Runenwacht – Des Goden Werk

Runenwacht - Des Goden Werk

Mit „Des Goden Werk“ (2015) liefern die Baden-Würtemberger Schwarzheimer Runenwacht das 2. Album seit ihrer Gründung (2011) und die dritte Veröffentlichung in 3 Jahren. Mit seinen 8 Songs kommt die Scheibe auf gut 34 Minuten feinsten Untergrund Black Metal.

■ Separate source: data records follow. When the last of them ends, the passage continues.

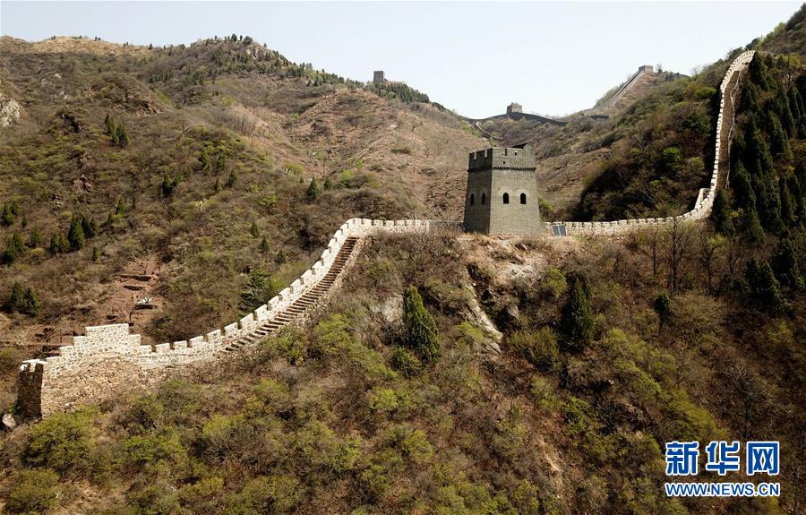 這是4月19日拍攝的黃崖關(guān)長城景區(qū)(無人機拍攝)。新華社記者 李然 攝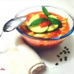 * Picamos el pimiento verde, la cebolleta y el ajo, no hace falta que lo hagamos muy pequeños porque luego lo vamos a triturar con la batidora. Batimos hasta conseguir que quede fina.
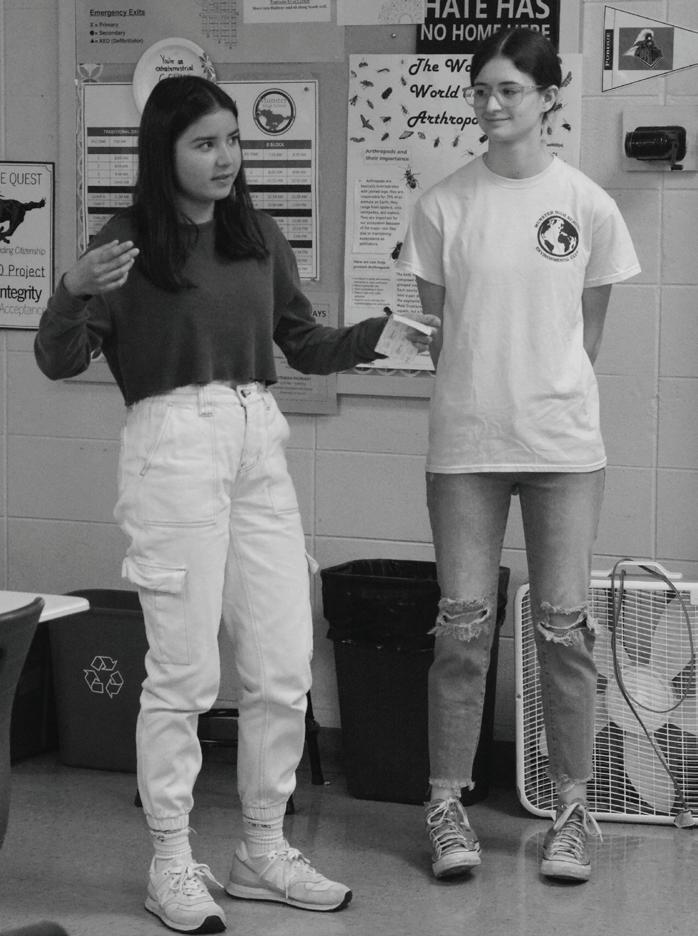 HERE’S THE SCOOP Standing in front of the class during the April 11 Environmental Club meeting, seniors Lily Hestjean and Eden Cook, explain the preparation needed for the upcoming Earth Day event. (photo by john kullerstrand)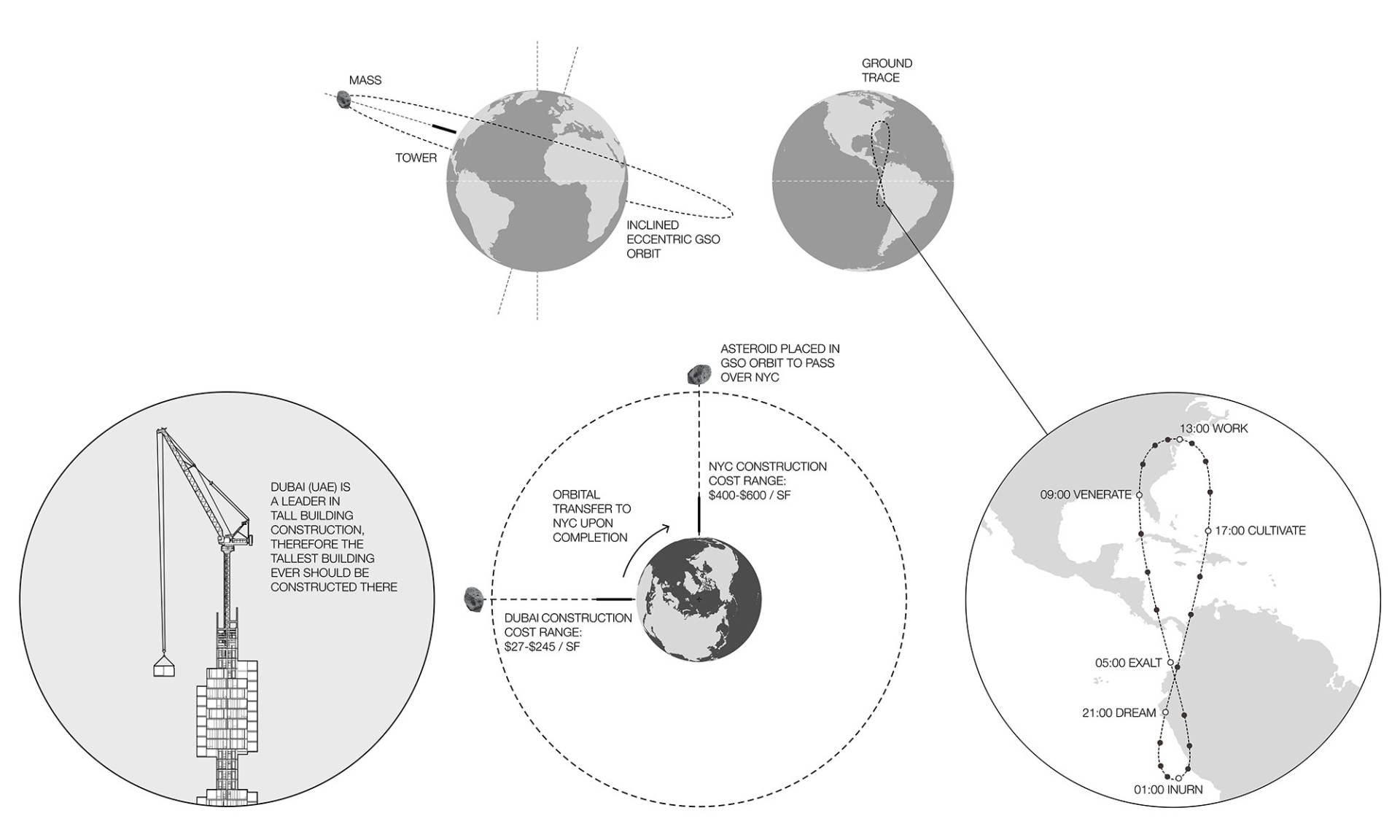 Архітектори Clouds AO пропонують розташувати на орбіті великий астероїд і пустити від нього надміцний кабель, який триматиме хмарочос. Будівлю можна збудувати будь-де — передачається, що це буде Дубай, бо там значно нижча вартість будівельних робіт і матеріалів, ніж у Нью-Йорку — і перемістити так само у будь-яку бажану локацію.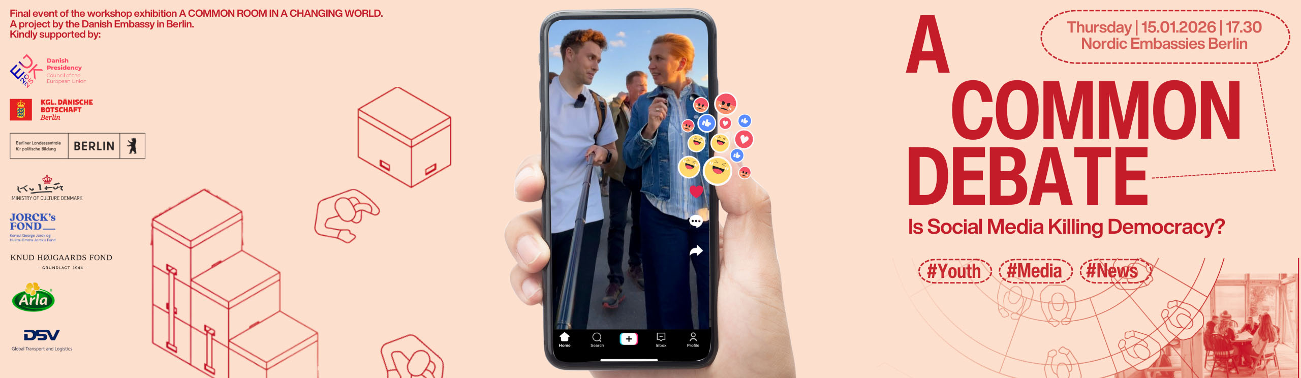 Der Abend bildet den Abschluss der Workshop-Ausstellung »A Common Room in a Changing World« der Dänischen Botschaft. Partner der Veranstaltung ist die Berliner Landeszentrale für politische Bildung.

Ruppig und rau ist der Sound des Albums, das von Blast Beats und kratzigen Riffs geprägt ist. Trotz all der Härte schafft es das Quartett allerdings feine Pagan Metal Melodie in den Hintergrund zu schmuggeln, die den Gesamtsound maßgeblich mitprägen und den Kopf zum taktvollen mitnicken bewegen. Darauf legen sich die oft mehrstimmigen Vocals (vordergründige Screams gepaart mit im Hintergrund agierenden verzerrten Growls), die dem Album eine zusätzliche rohe Note verleihen und den Kontrast zwischen rohem Black Metal und filigranen Pagan-Melodien weiter verstärken. „Goldner Hirsch und Goldner Löwe“ avanciert durch seinen erhöhten Pagan-Faktor im Laufe des Hördurchlaufs zur stärksten Partynummer des Albums, während der Rest eher roh und kompromisslos voranprescht. Innovation? Wozu? Runenwacht schreddert traditionsbewusst und mit viel Leidenschaft ihren Black Metal runter, dass es Spaß macht ihnen zuzuhören.

Auf „Des Goden Werk“ präsentieren die Mannen von Runenwacht wie sich räudiger Black Metal anhören muss um beim Hören kollektives Kopfnicken auszulösen und die ein oder andere Überraschung zu finden.